Полицейский фыркнул.

— Вы имеете в виду людей, которые не боятся столкновений с фанатиками, убивающими женщин и детей, которые не наложат в штаны от страха, что ООН скажет о них какую-нибудь очередную гадость? Если этот парень настолько опасен, то почему его не одернут?

— Вы же представляете себе политическую ситуацию, понимаете, насколько хрупка та коалиция, которая стоит за премьер-министром. Стоит предпринять хоть какое-то действие, затрагивающее крайне правых, как все ненавидящие арабов евреи нашей страны сразу потребуют головы премьер-министра. Или, что будет еще хуже, присоединятся к движению Цвелка.

— А это плохо, потому что?..

Человек в костюме на секунду умолк, видимо, решая, стоит ли продолжать разговор.

— Этот человек — крайний сионист из тех, кто постоянно ставит под угрозу все шаги Израиля по снижению напряженности палестинского вопроса. Он был резко оппозиционно настроен к возврату оккупированных территорий и ливанскому перемирию…

— Я где-то слышал, что у нас в стране разрешается иметь свое мнение.

Собеседник сделал вид, будто не слышал этой реплики.

— Он подозревается в совершении множества превентивных нападений на палестинские общины, провоцировавшие ракетные обстрелы нашей территории.

— С каких это пор их стало нужно провоцировать?

Человек в костюме вздохнул.

— Далеко не все ракетные обстрелы наших городов и не все вылазки террористов смертников проводятся без видимых причин.

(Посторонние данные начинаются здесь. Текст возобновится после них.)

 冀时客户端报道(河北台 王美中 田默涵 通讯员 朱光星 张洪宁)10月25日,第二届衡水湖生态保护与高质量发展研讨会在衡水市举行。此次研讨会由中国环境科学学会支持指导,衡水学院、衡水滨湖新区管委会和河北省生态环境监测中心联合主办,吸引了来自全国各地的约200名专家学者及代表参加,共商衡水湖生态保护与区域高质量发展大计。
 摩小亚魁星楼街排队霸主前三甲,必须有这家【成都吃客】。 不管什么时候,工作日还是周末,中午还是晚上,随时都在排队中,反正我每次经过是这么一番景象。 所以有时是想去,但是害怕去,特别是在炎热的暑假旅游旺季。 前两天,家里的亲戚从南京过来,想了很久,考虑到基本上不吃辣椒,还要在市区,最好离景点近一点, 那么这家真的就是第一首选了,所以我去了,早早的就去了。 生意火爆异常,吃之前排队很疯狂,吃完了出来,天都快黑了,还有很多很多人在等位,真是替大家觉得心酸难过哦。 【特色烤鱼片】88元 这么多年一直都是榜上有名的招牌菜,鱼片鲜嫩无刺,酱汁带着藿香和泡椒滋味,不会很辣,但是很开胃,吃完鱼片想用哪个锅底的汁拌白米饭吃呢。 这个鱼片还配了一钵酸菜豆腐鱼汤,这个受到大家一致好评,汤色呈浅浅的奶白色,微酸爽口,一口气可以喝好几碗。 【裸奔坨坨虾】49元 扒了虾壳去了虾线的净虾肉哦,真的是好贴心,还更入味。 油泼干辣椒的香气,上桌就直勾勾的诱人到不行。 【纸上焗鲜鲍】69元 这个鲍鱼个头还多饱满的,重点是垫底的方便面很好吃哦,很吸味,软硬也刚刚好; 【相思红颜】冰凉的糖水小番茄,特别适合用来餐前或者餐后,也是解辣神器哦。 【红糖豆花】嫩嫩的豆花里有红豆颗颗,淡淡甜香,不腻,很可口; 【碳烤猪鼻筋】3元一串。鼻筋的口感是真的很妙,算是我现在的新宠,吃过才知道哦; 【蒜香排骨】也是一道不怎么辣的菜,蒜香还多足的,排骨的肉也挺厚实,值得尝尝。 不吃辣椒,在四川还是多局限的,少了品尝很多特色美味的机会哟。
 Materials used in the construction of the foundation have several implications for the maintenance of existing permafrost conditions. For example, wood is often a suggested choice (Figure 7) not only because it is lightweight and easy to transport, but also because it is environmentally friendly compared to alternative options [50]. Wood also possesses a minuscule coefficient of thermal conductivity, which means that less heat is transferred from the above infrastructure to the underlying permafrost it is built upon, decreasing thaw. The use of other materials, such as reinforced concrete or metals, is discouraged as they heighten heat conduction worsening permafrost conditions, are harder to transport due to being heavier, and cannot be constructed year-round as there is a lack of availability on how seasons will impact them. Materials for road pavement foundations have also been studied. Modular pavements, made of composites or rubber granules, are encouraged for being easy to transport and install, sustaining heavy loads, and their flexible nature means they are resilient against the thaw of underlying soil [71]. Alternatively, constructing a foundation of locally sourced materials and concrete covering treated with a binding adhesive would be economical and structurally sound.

С вашим-то полицейским опытом вы должны знать, что в новостях редко сообщают все подробности происшествий.

— А вы, как опытный правительственный чиновник, тоже не можете не знать, что информация для новостей просеивается очень тщательно.

Человек в костюме был, в общем-то, согласен с этим замечанием, но не стал отвлекаться и продолжал:

— Насколько мне известно, Аннулевиц и Рейлли прямо сейчас ведут разведку вблизи кибуца Цвелка.

Залтов скрестил руки на груди. Согласно общепринятой азбуке языка тела это значило, что он сам точно не знает, как отнестись к услышанному.

— Значит, вы хотите, чтобы я арестовал Рейлли, как только он войдет в кибуц, и заодно сам посмотрел, что там к чему? Воспользовался арестом как предлогом для обыска?

— Я предпочел бы иную формулировку, но в целом вы правы. Если у вас будет легальное основание проникнуть в частные владения, вы наверняка сможете найти там что-нибудь подозрительное.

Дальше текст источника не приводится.